2Le vote était de 17 à 0, avec une abstention.

3L'annonce a été diffusée sur CBS Miami, le 4 novembre 2021. Le propre comité consultatif du CDC, le Comité consultatif sur les pratiques de vaccination, venait de voter 14-0 en faveur du vaccin.

4Communiqué de presse, Bureau du gouverneur Gavin Newsom, 1er octobre 2021

5WYNT, Canal 13, New York, 24 octobre 2021

6Données de mortalité et d'hospitalisation pour la population 5-11, avant de tenir compte de tout décalage dans les rapports, telles que présentées par le CDC lors de la réunion Ad-Com : Décès de Covid, 94 (1er janvier 2020 au 16 octobre 2021) ; Hospitalisations Covid, c'est-à-dire toute personne admise dans un hôpital dans les deux semaines suivant un test Covid positif ordonné par un professionnel de la santé, 30 pour 100,000 68, 1 % d'entre elles associées à des conditions médicales sous-jacentes (2020er mars 2-2021 oct. 2020). Une étude a révélé que les trois conditions les plus étroitement associées à une maladie grave chez les enfants hospitalisés sont l'obésité, les maladies métaboliques chroniques et la dépendance à la sonde d'alimentation (mars 2021 à août 5). La population 11-28 est d'environ XNUMX millions.

7L'essai comprenait deux cohortes. Dans le premier, 2,268 95 sujets ont été recrutés pour étudier à la fois l'efficacité et l'innocuité, et le suivi de l'innocuité pour 2,379 % des sujets était d'au moins deux mois ; dans la seconde, une étude de sécurité, 2.4 XNUMX sujets ont été inscrits et le suivi médian était de XNUMX semaines.

8L'essai dans le groupe 12-15, qui a recruté 2,260 16 sujets, a également abouti à une EUA. Il reposait également principalement sur l'immunobridging, bien que la FDA ait déclaré que l'essai avait fourni "des preuves directes convaincantes d'un bénéfice clinique en plus des données d'immunobridging". Dans le groupe placebo, XNUMX sujets ont présenté des symptômes Covid légers à modérés ; dans le groupe vacciné, aucun.

9Le premier et le plus important des essais d'efficacité a recruté environ 44,000 16 sujets âgés de 65 ans et plus, presque tous des adultes, environ un sur cinq âgé de 0.88 ans et plus.
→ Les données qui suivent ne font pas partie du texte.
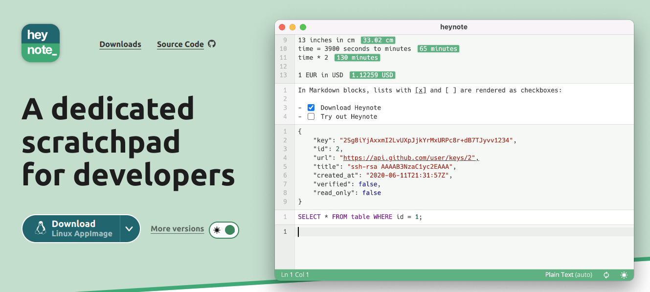 每个块都可以设置自己的语言(如 JavaScript、JSON、Markdown 等),并支持语法高亮和自动格式化。此外,HeyNote 还提供了一个计算器功能,可以用于简单的计算,并支持变量、函数和单位转换。该应用程序可在多个操作系统上下载和使用。
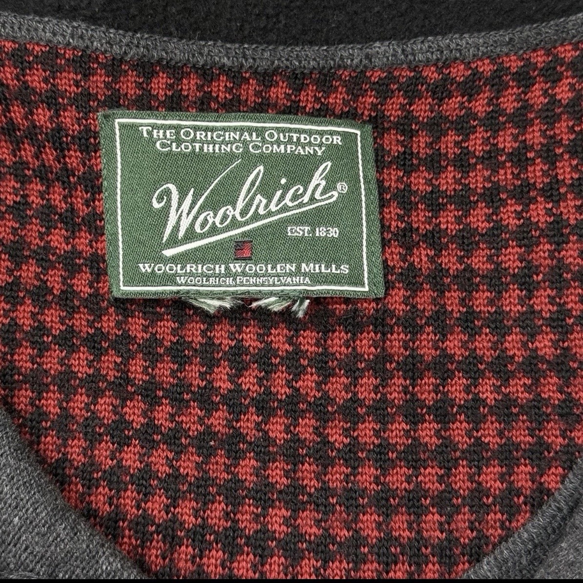 Vintage Woolrich Sweater Men s XXL Gray 1/4 Zip Pullover Charcoal Buffalo Check
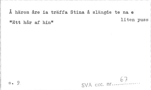 //// 1 härom åre ia träffa Stina å slängde te na e "Ett hår af hin« liten pUSS //// s* y svA ccc. nr... • ////
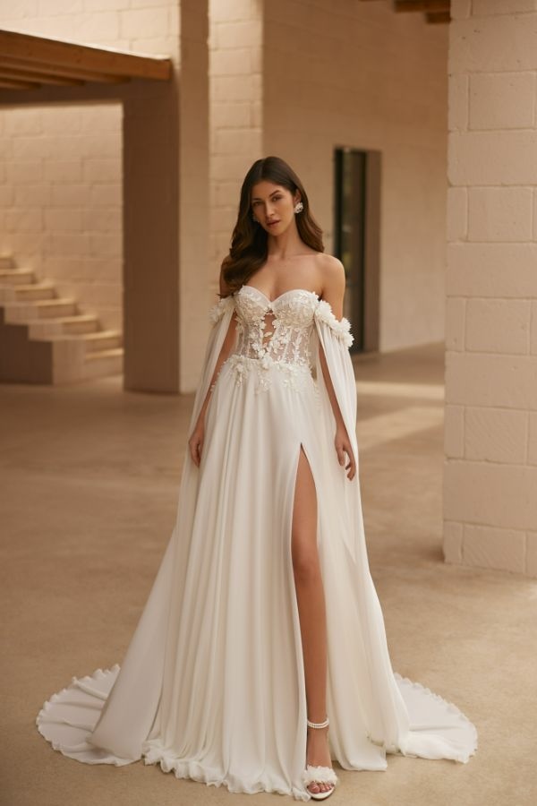 Il corpetto, con una scollatura a cuore, è arricchito da dettagli floreali in rilievo che esaltano la bellezza naturale di chi lo indossa. Le maniche, morbide e leggere, cadono delicatamente sulle spalle, conferendo un aspetto etereo e sognante. La gonna si apre con grazia in una lunghezza completa, arricchita da uno spacco audace che aggiunge un tocco moderno e sofisticato.

La réduction des symptômes légers à modérés était statistiquement significative (incidence : 0.044 % dans le groupe placebo et 95 % dans le groupe vaccin ; réduction du risque relatif, 16 %). Le nombre de cas graves était faible, mais la FDA a déclaré que la répartition des cas entre les groupes placebo et vaccin "suggère une protection" contre les maladies graves. Personne n'est mort de Covid dans les deux groupes. C'est pour une utilisation dans ce groupe, XNUMX ans et plus, que le vaccin a l'approbation habituelle du produit au-delà d'un EUA, et c'est cette approbation qui a déclenché les mandats du gouvernement et du secteur privé.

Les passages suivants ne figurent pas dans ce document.